Earlier this year, Cato said it had reached an annual revenue run rate of $250 million, which is a 46% increase from the previous year. However, the company is still not profitable, which could make it harder to get a high valuation in an IPO.
“We didn’t need the money from this round, we could continue growing and reach positive cash flow without it,” says Shlomo Kramer, Cato’s co-founder and CEO, “But there was an opportunity here for a round at an attractive valuation that also lets our employees enjoy the fruits of their labor.
“In today’s geopolitical reality, with 3,500 large enterprise customers, it’s important for us to present a strong balance sheet and long-term stability,” Kramer adds. “This funding doesn’t change our IPO plans on Wall Street. If we want, we can press a button and become a public company in a few months.”
Kramer is a serial entrepreneur best known for co-founding Check Point with Gil Shwed and Marius Nacht over 30 years ago. After retiring from Check Point, he started the cybersecurity company Imperva, which he sold to the private equity firm Thoma Bravo for $2 billion in 2018.
He co-founded Cato with Gur Shatz in 2015 to build a new generation of remote network access using a SASE (Secure Access Service Edge) platform built entirely in the cloud. Cato was founded on the understanding that traditional security and networking infrastructure had grown expensive, slow to adapt, and dangerously fragmented.
Today, IT and network security teams have to deal with more complex challenges, smaller teams, and constant pressure to protect their organizations. Cato helps by providing strong security and connection through one easy-to-use, cloud-based platform. It replaces old, complicated systems made up of firewalls, routers, proxies, and other separate tools.

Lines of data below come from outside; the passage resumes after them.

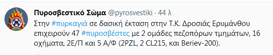 Παράλληλα, έχουν ενισχυθεί οι επίγειες και εναέριες πυροσβεστικές δυνάμεις που επιχειρούν στην περιοχή.
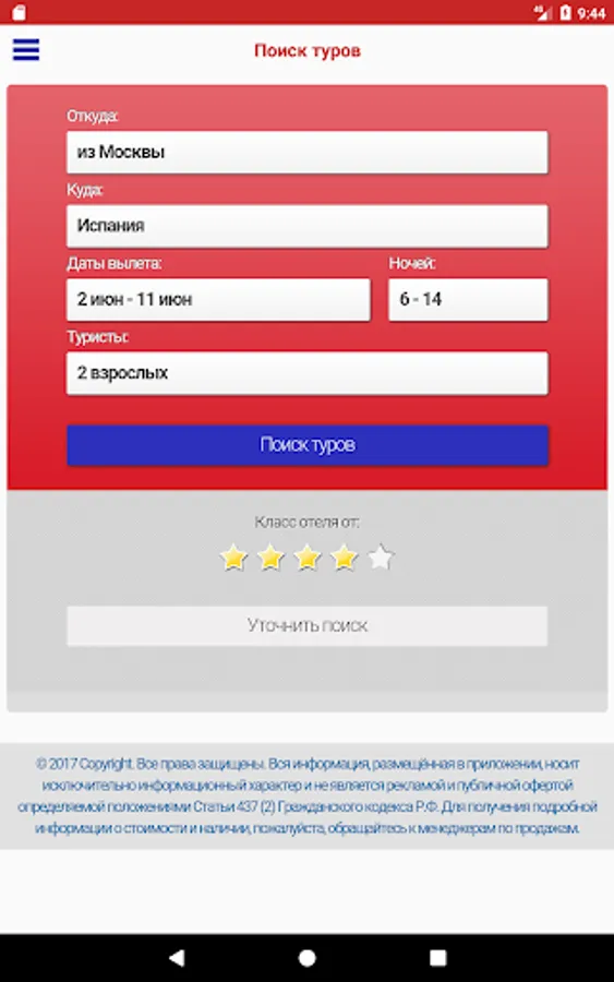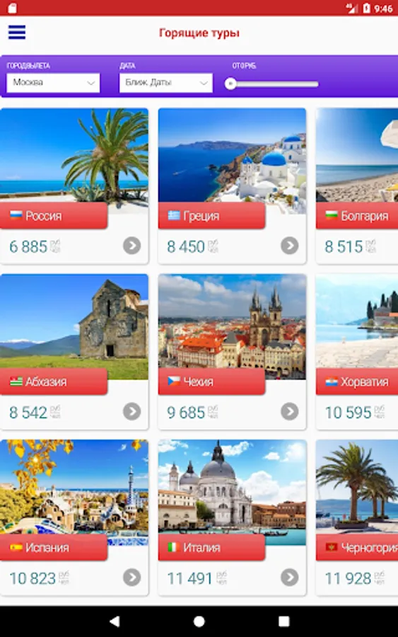 - find a tour according to the parameters you are interested in (travel dates, tour cost, number of tourists, duration of the trip, hotel stardom, type of food, destination for rest);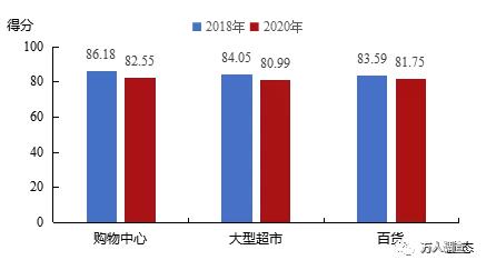 與2018年相比,三類業(yè)態(tài)2020年滿意度得分均有不同程度的下降,其中購物中心降幅較大,下降了3.63分,大型超市和百貨分別下降3.06、1.84分。

The new funding will help Kaito grow in the SASE and AI-powered security market. It will improve its platform and reach more customers who were not part of its target market before.
According to Gartner, the SASE market is expected to grow by about 26% every year and reach $28.5 billion by 2028. However, the market is very competitive, with big companies like Palo Alto Networks, Fortinet, and Cisco fighting to be the leaders.